5.4 Methods of coupling flow and geomechanics

In conventional fluid flow formulations, the pore volume variation only depends on the pore volume compressibility coefficient. The rock compressibility is assumed to be constant and the reservoir permeability is unaffected by pore pressure changes. However, the injection of CO2, especially into highly compacted, faulted and fractured formations, causes a strain localisation on fracture and fault planes and results in a change in permeability or transmissibility. To account for geomechanical effects due to stress changes in and around the injection formation, the fluid flow problem must be solved with a geomechanical model that can predict the evolution of stress dependent parameters, such as porosity, rock compressibility, and permeability. The coupling can be carried out by integrating the mechanical concepts in reservoir simulation. The geomechanical equilibrium equation and the fluid mass balance equation should be solved iteratively. In the case of highly compacted, faulted and fractured reservoirs, the coupling may also lead to a modification of the transmissibility matrix due to fracture and fault permeability enhancement resulting from rock deformation (Longuemare et al., 2002).

The fully coupled and partially coupled approaches can be used to solve the stress dependent CO2 geological storage problem.

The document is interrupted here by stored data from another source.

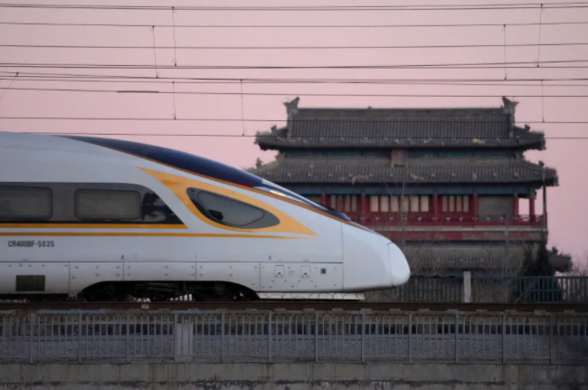 1月17日清晨,一列動車組列車駛過北京永定門城樓。新華社記者 邢廣利 攝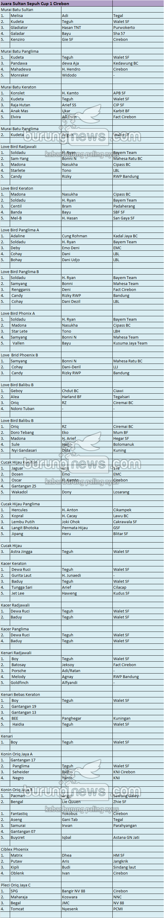 Hasil Lomba Burung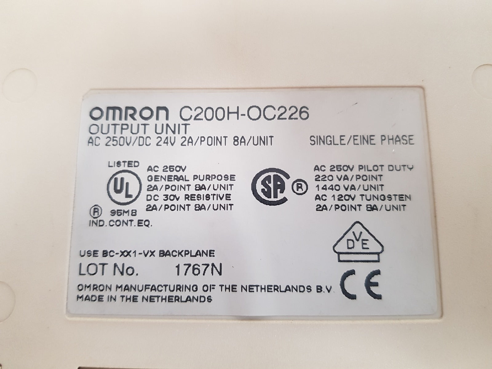 Omron C200H-oc226 Output Unit Ac250V/Dc24V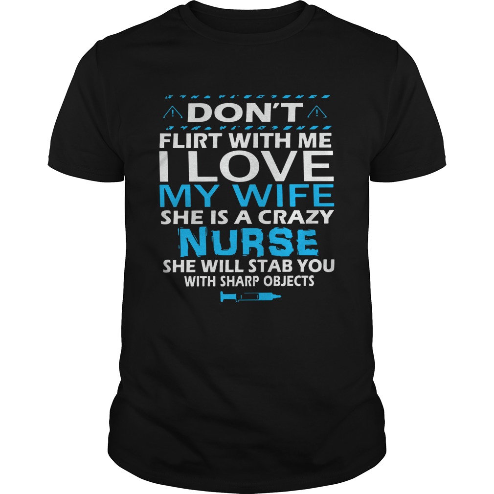 Dont Flirt With Me I Love My Wife She Is A Crazy Nurse She Will Stab You With Sharp Objects shirt, hoodie, sweater, longsleeve and ladies t-shirt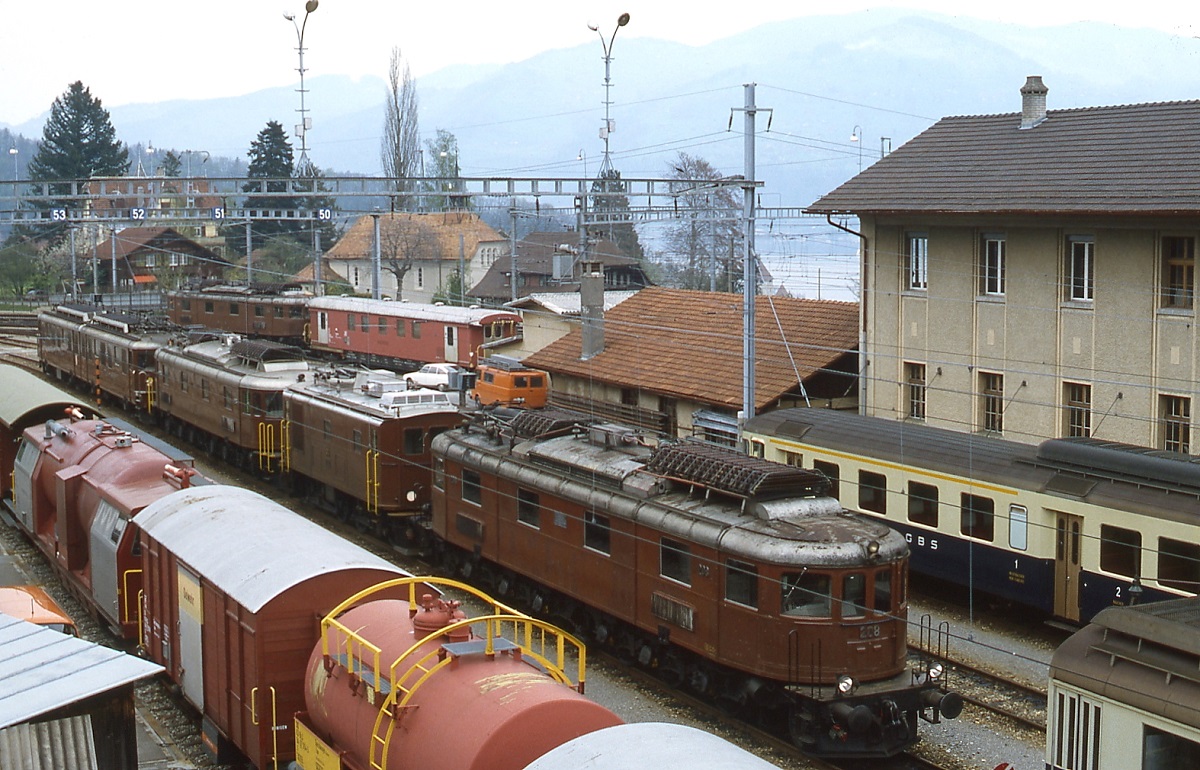 Blick ins Depot Spiez Anfang Mai 1981: Hinter Ae 6/8 208 sind neben einer Ce 4/4 zwei weitere Ae 6/8 und eine Ae 8/8 zu erkennen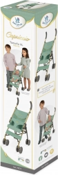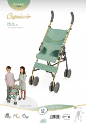 Der elegante Puppenbuggy im Golf-Style besticht durch raffinierte Textilverarbeitung in Kombination aus Strickoptik und glattem Stoff. Der dunkelgraue Rahmen mit goldenen Details und der Stickerei CAPRICCIO unterstreicht den Premium-Look. Die Griffhöhe von 75 cm ist perfekt für Kindergartenkinder.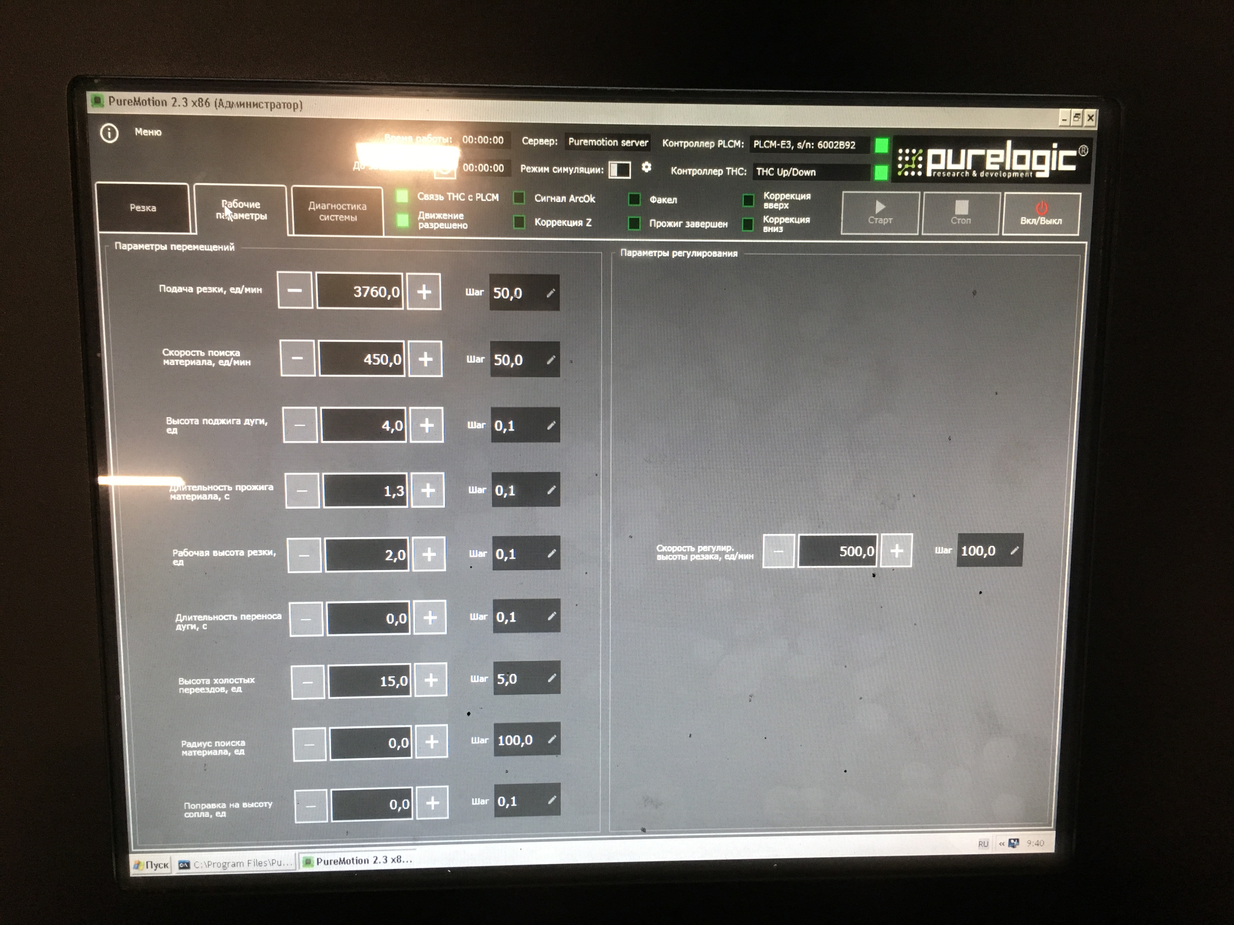 Приезжаем в точку резки N034 , далее пробинг N035, запускаем плазму N036 и плазма по какой-то причине не запускается, станок соответственно пишет, что пропал сигнал ArcOk и останавливается. Далее необходимо продолжить резку, выбираем точку начала работы, например N034 и станок начинает ехать сначала по координате Z до значения 35 и отодвигается мм на 10 по осям Х,У с черепашьей скоростью 100 ед. Далее происходит возврат в точку N035 с нормальной скоростью. В поле "желаемая скорость" стоит 6000 ед. в поле "скорость перемещений" тоже 6000 ед. Это должно быть так или я чего не углядел в настройках?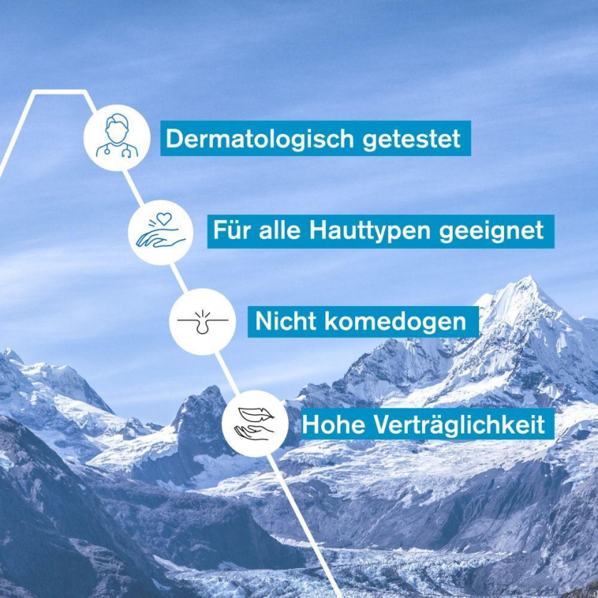 Состав: Вода, бутиленгликоль, диметикон, глицерин, 1,2-гександиол, сквалан, акрилоилдиметилтаурат аммония/сополимер VP, ксилитилглюкозид, трегалоза, мочевина, ангидроксилитол, хлорфенезин, ксилитол, о-цимен-5-ол, пентиленгликоль, серин, парфюмерная композиция, гиалуронат натрия, глюкоза, альгин, каприлилгликоль, динатрий фосфат, глицерил полиакрилат, пуллулан, экстракт цветков/листьев эдельвейса, фосфат калия, лимонная кислота, синий 1, гидроксид натрия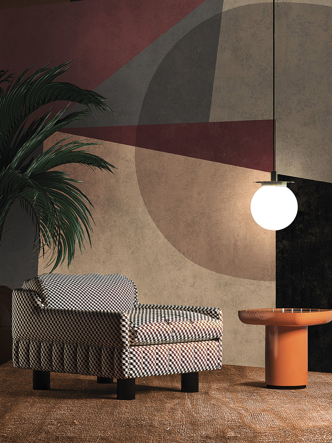 The common thread that binds the new wallpapers is the journey and its narration, deliberately universal, presented through new figurative languages with extensive experimentation in the use of colour, evident brushstrokes, and material, which becomes the protagonist of the decoration.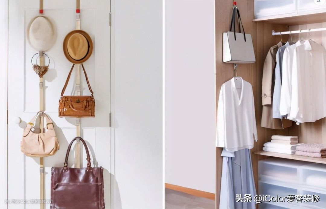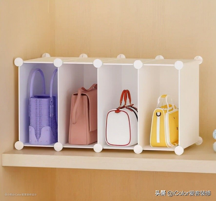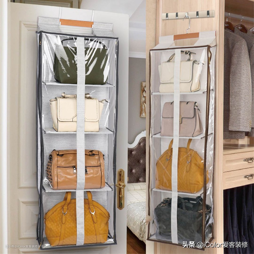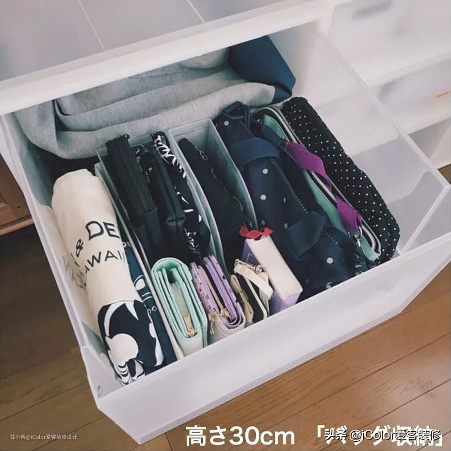 包包要放在显眼的地方,以防用着用着就找不到了,比如衣柜最上层的隔板,就是用来放包的。永远遵循一原则:经常使用的物品要收纳在使用的动线上。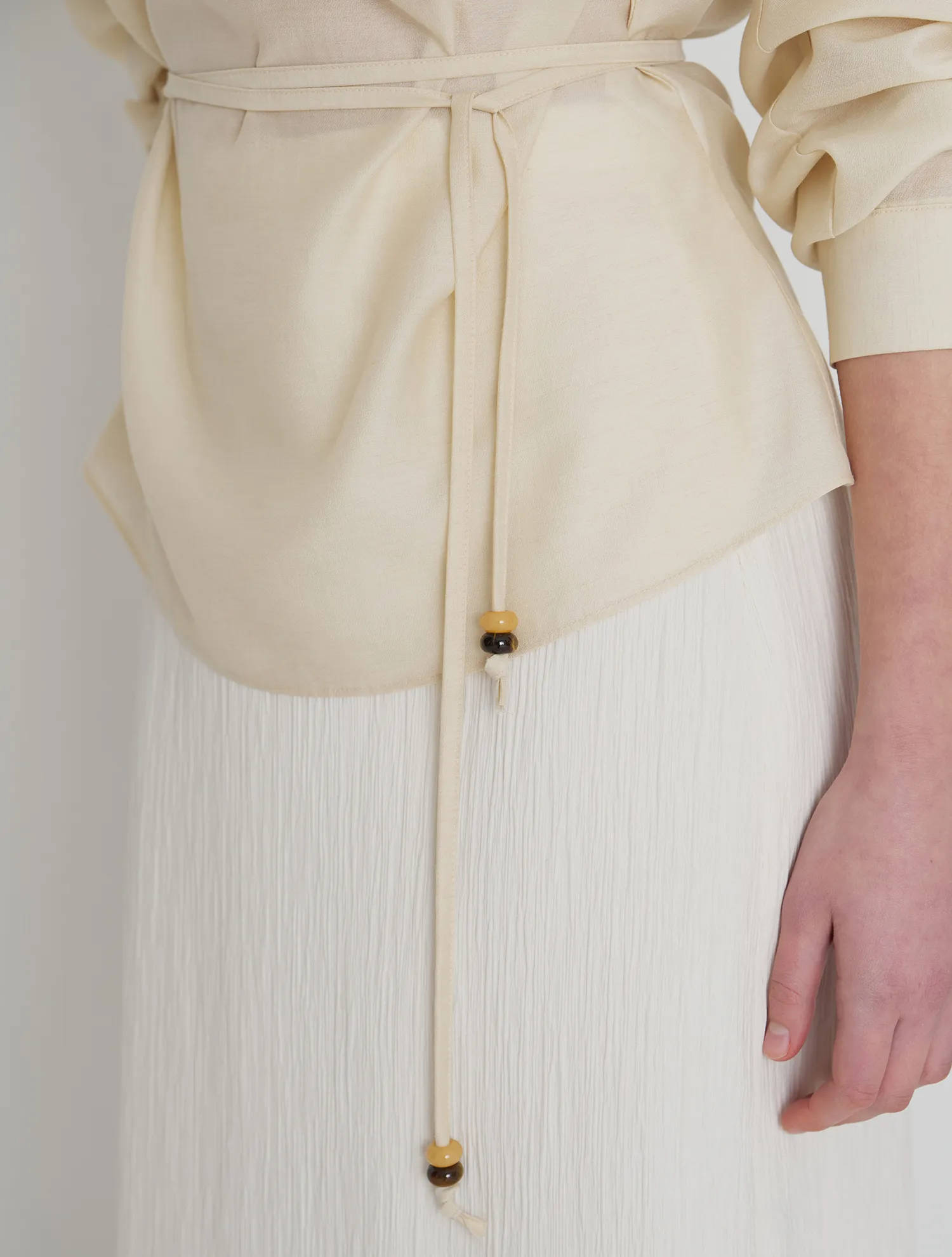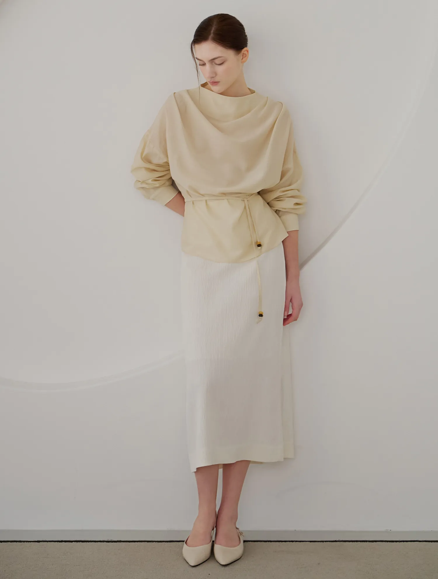 - シアーなテクスチャー素材で、動きに合わせて繊細で柔らかなドレープ感を演出

The fully coupled approach simultaneously solves the whole set of equations in one simulator. The fully coupled method offers internal consistency for the simultaneous resolution of both flow and stress equations, but the hydraulic or geomechanical mechanisms are often simplified by comparison with conventional uncoupled geomechanical and reservoir approaches. TOUGH-FRAC, a simulator for non-isothermal multiphase flow in porous media with geomechanical coupling, is an example of such a code which models plume dispersion and impact of stresses due to CO2 interactions.